FIG. 18 shows the pH of the −1 dilution for each of the 300 μm coated film samples. Whilst the profiles follow the same general trend exhibited by the 100 μm coated films, namely an initial decrease in pH (increase in acidity) followed by a rise in pH (increase in alkalinity), the rise in pH occurs later than that exhibited by the 100 μm coated films. This rise in pH signifies the end of the inhibition/lag phase and the emergence of Pseudomonas spp. as the dominant species. Whilst the inhibition phase is longer than that exhibited by the 100 μm coated films, the pH of the meat is not significantly lower.

Shelf-life extensions of up to 2 days were achieved with 100 μm coated films of composition 30/45 and 50/75. At the higher coating level of 300 μm, the shelf-life could be extended for 3 days with 30:45 and 7 days with 40:60 and 50:75.

COMPARATIVE EXAMPLE 8

Example 1 of WO94/10233 is a cellulose acetate film having calcium sulphite and an organic acid as additives. A film was produced using the following constituents: cellulose acetate (10 g), acetone (100 ml), glycerol (1.2 g), sodium sulphite (5.0 g) and tartaric acid (6.25 g). Sodium sulphite is used in place of calcium sulphite owing to commercial availability: otherwise film corresponds to Example 1 of WO94/10233.

The formulation was prepared and cast in a similar way to the conditions described in WO94/10233. Once the single layer film had dried, a 10 cm2 piece was placed into a sealed, dry jar with universal indicator paper. Within 0.5 h the pH was recorded at a value of 4. This clearly shows release of sulphur dioxide to be instantaneous without s need for any mechanism of initiation such as high relative humidity. Indeed, on continuation overnight the pH decreased to a value of 1-0 showing not only uninitiated release but very strong production of sulphur dioxide in an uncontrolled fashion. The sulphur dioxide release characteristics of this film render it unsuitable for any commercial purpose.

Claims

1. A sulphur dioxide releasing film comprising:

a hydrophilic polymer which is swellable upon contact with moisture;

calcium sulphite or sodium sulphite; and

a latent acidulant.

2. A film according to claim 1 in which the latent acidulant comprises at least one anhydride.

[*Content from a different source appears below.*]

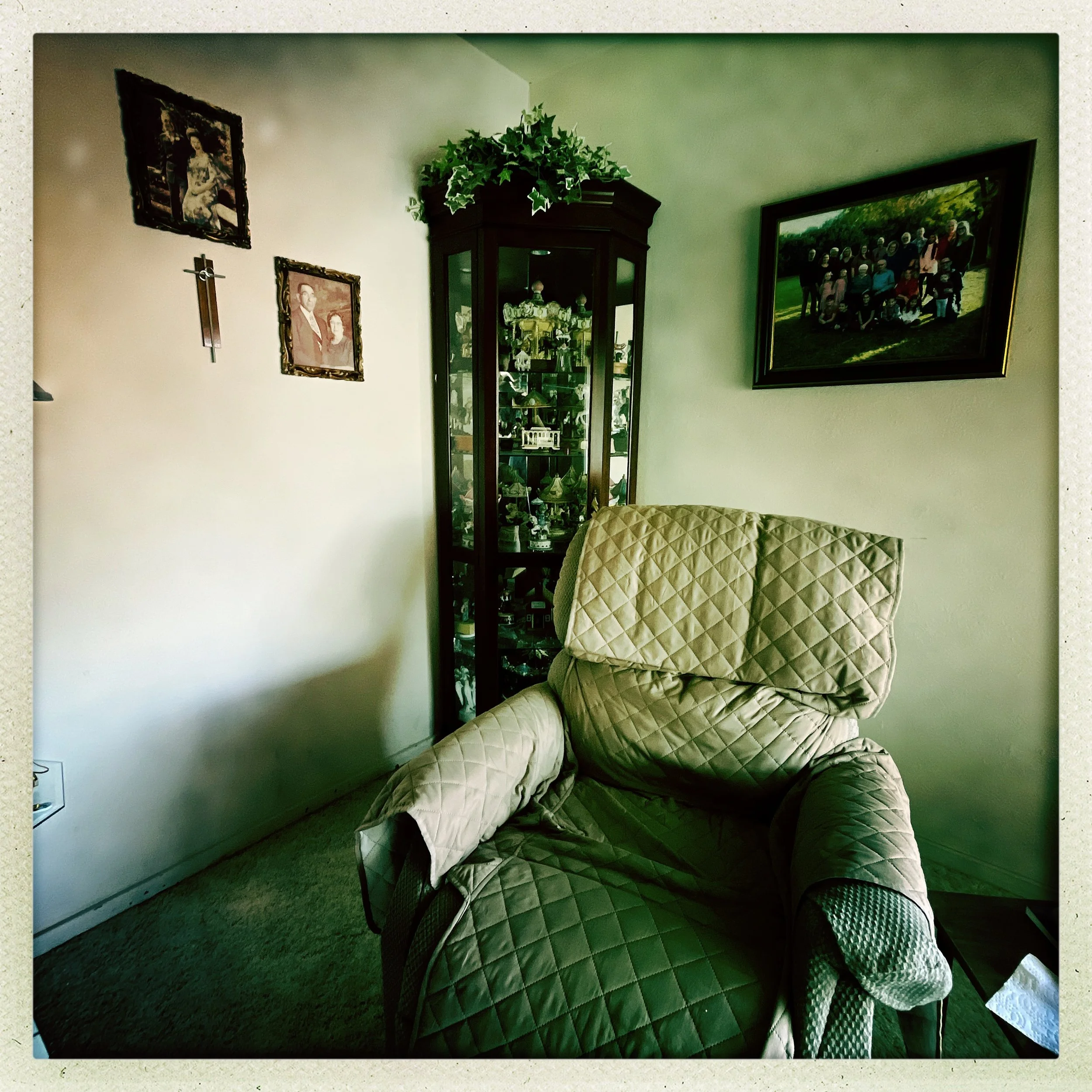 The source of Bev’s pain was multiple myeloma. It had metastasized into her spine between her shoulder blades. Vicodin, Dilaudid, Tylenol, then ultimately Fentanyl patches and liquid Oxycodone managed the pain. We all wanted Bev to be able to go home to the beloved recliner that had fit her like a shell. But I feared that hermit crab had outgrown the recliner and her new shell would be a hospital bed. That would work as long as it was in her living room, looking out her picture window.

3. A film according to claim 2 in which the latent acidulant comprises at least one anhydride compound from the group comprising succinic anhydride, benzoic anhydride, itaconic anhydride, and adipic anhydride.

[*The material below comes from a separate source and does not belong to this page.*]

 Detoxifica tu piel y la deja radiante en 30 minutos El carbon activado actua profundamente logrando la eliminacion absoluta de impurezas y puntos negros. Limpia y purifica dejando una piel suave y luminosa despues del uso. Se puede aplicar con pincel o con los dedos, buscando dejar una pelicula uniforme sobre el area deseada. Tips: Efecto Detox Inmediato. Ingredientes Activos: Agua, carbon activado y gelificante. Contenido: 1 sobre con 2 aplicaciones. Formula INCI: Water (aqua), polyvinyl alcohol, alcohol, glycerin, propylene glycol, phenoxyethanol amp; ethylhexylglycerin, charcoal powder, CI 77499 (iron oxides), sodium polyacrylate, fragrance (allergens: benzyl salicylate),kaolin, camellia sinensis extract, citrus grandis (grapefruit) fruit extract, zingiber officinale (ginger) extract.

4. A film according to claim 1 in which the polymer comprises ethyl cellulose or cellulose acetate.

5. A film according to claim 1 in which the polymer comprises a blend of a hydrophilic polymer with a hydrophobic polymer.

6. A film according to claim 5 in which the hydrophobic polymer comprises polyethylene.

7. A film according to claim 5 in which the hydrophilic polymer comprises poly(ethylene oxide) or poly(vinyl alcohol-ethylene).

8. A film according to claim 1 in which the polymer is capable of absorbing during swelling at least 2%, preferably at least 4%, most preferably about 10% water by weight of the polymer.

9. A sulphur dioxide releasing article comprising a sulphur dioxide releasing film according to claim 1.

10. A sulphur dioxide releasing article according to claim 9 comprising an article coated with the sulphur dioxide releasing film.

11. A packaging material according to claim 9.

12. A foodstuff according to claim 9.